By | Dados Macroeconômicos

Diariamente os economistas utilizam uma grande variedade de dados que são de difícil mensuração e que, portanto, são estimados/coletados por terceiros (IBGE, BCB, etc.). A falta de investigação aprofundada sobre como esses dados são produzidos, entendendo seus pontos fortes e suas limitações, pode nos levar a cair em algumas "armadilhas" peculiares.

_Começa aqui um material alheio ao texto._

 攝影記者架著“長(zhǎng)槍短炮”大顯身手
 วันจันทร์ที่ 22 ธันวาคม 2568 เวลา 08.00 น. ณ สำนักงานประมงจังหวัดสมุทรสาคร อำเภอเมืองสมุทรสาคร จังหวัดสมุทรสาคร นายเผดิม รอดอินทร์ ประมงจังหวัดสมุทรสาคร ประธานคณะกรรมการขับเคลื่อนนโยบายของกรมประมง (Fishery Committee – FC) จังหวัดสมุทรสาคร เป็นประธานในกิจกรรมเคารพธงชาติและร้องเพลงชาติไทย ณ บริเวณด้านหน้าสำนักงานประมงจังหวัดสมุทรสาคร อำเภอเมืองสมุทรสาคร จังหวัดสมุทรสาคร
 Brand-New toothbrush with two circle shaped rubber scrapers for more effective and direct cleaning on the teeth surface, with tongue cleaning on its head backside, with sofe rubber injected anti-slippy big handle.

Apesar de as fontes públicas de dados econômicos e financeiros do Brasil serem aderentes as "boas práticas" de dados do FMI - conforme o site dedicado ao assunto intitulado "Dissemination Standards Bulletin Board (DSBB)" -, o tema de qualidade de dados (macro)econômicos por essas bandas é sempre produtivo. Problemas de consistência, mudança de metodologia, disponibilidade e acesso a bancos de dados são corriqueiros no dia a dia de quem trabalha com esses dados, de modo que, mesmo que se queira fazer uma simples análise, você provavelmente precisará "matar um leão por dia". Em um contexto mais amplo, frequentemente circulam notícias reportando algum tipo de desvario observado em dados públicos, desde na área da saúde até em dados de programas sociais.

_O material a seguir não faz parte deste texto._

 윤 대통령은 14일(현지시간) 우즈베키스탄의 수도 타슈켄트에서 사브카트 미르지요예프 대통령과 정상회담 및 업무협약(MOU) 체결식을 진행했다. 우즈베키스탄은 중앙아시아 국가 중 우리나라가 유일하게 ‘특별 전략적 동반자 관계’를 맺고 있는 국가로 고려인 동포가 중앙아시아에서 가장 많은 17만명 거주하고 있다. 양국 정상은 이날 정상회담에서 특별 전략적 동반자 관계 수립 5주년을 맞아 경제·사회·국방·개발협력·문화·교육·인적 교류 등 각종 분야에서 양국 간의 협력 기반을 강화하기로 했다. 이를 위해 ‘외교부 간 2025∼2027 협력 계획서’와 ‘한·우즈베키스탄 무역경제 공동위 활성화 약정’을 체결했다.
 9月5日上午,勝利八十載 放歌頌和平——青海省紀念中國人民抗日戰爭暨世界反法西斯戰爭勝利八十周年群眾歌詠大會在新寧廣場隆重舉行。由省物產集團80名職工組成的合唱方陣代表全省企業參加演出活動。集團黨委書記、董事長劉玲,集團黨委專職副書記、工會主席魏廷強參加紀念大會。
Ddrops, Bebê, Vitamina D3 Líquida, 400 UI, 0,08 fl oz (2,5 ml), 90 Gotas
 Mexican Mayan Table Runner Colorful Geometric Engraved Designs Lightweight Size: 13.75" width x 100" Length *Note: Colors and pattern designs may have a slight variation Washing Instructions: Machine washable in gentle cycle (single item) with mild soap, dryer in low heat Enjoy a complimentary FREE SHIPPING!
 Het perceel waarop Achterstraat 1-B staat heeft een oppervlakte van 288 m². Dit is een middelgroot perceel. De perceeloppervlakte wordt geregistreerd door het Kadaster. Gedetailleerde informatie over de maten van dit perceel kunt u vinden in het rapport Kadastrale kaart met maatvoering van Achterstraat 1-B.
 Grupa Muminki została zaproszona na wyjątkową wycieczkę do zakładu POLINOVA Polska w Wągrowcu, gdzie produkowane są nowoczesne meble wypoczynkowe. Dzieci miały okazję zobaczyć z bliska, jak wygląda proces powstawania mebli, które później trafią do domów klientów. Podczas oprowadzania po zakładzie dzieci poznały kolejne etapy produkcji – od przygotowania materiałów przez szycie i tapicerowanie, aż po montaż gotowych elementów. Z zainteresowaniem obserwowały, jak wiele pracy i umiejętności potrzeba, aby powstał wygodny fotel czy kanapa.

Apesar dos problemas, dados são o sangue que corre na veia de quase todo macroeconomista - eles não sobrevivem sem! - sendo imprescindível conhecer suas nuances. Dessa forma, destacamos abaixo 5 casos das principais armadilhas e nuances dos dados (macro)econômicos brasileiros:

1) Dados simplesmente somem

Talvez a "armadilha" mais gritante seja a situação inesperada de determinado dado, que você habitualmente utiliza, simplesmente... sumir. Nessas circunstâncias, o primeiro palpite razoável que pode surgir é que a pesquisa/variável/etc. pode ter sido descontinuada pela fonte primária. Mas, como é o caso de diversas variáveis, os dados são geralmente mantidos no banco de dados para acesso, mesmo que não haja ingestão de dados novos. Não foi o caso, por exemplo, do que aconteceu alguns meses atrás com as tabelas 6390 e 6392 da PNAD Contínua mensal, disponibilizada no SIDRA/IBGE, das quais as variáveis referentes a massa e rendimento real simplesmente sumiram. Apesar de esses dados já terem sido reestabelecidos, pelo menos até a data de hoje, fica a lição: pode ser útil você ter e manter o seu próprio banco de dados!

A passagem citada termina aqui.